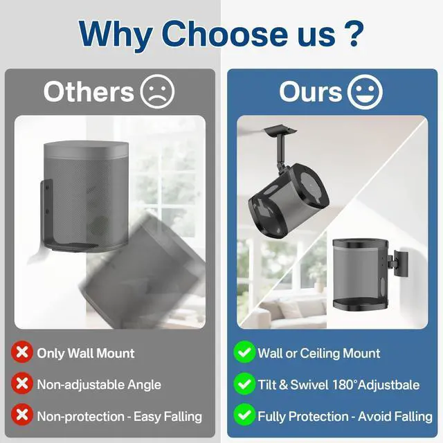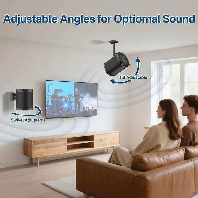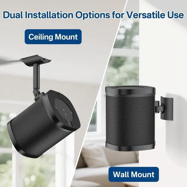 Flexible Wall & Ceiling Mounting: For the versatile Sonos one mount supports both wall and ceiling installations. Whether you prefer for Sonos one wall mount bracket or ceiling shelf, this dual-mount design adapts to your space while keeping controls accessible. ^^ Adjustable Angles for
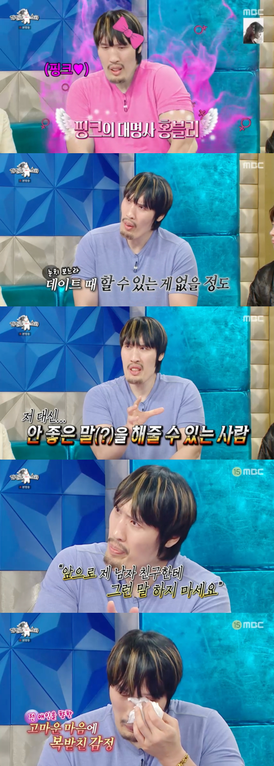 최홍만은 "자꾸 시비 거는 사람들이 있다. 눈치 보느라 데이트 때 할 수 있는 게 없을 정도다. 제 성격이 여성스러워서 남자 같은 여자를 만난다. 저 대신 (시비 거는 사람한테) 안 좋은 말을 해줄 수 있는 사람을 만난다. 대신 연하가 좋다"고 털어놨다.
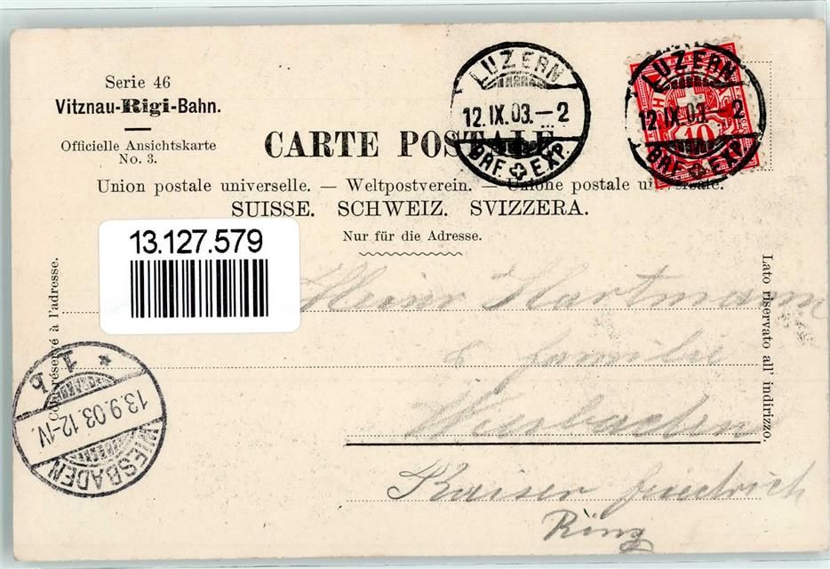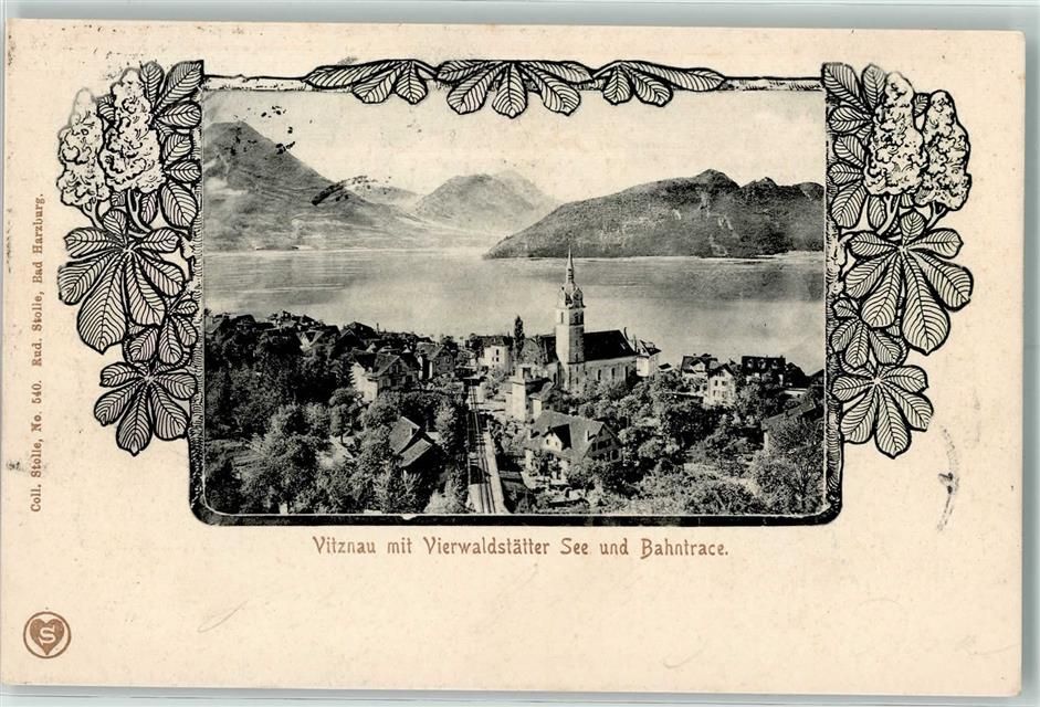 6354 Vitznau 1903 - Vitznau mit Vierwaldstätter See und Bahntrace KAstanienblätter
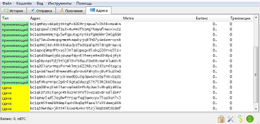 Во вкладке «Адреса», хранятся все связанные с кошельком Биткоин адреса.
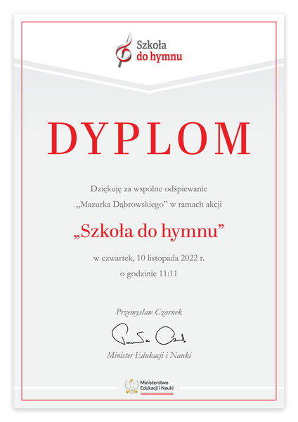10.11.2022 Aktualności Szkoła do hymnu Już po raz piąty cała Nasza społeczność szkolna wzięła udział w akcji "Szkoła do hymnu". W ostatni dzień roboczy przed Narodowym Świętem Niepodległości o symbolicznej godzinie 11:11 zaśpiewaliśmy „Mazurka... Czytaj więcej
※
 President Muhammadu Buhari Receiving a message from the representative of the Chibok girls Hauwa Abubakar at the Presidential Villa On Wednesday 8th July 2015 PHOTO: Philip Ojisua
※
## Work request
Would you write out exactly the lines above, starting at the line containing "6354 Vitznau 1903" and stopping after the line containing "10.11.2022 Aktualności Szkoła"? Omit the pictures.

## Your response
 6354 Vitznau 1903 - Vitznau mit Vierwaldstätter See und Bahntrace KAstanienblätter
 Во вкладке «Адреса», хранятся все связанные с кошельком Биткоин адреса.
10.11.2022 Aktualności Szkoła do hymnu Już po raz piąty cała Nasza społeczność szkolna wzięła udział w akcji "Szkoła do hymnu". W ostatni dzień roboczy przed Narodowym Świętem Niepodległości o symbolicznej godzinie 11:11 zaśpiewaliśmy „Mazurka... Czytaj więcej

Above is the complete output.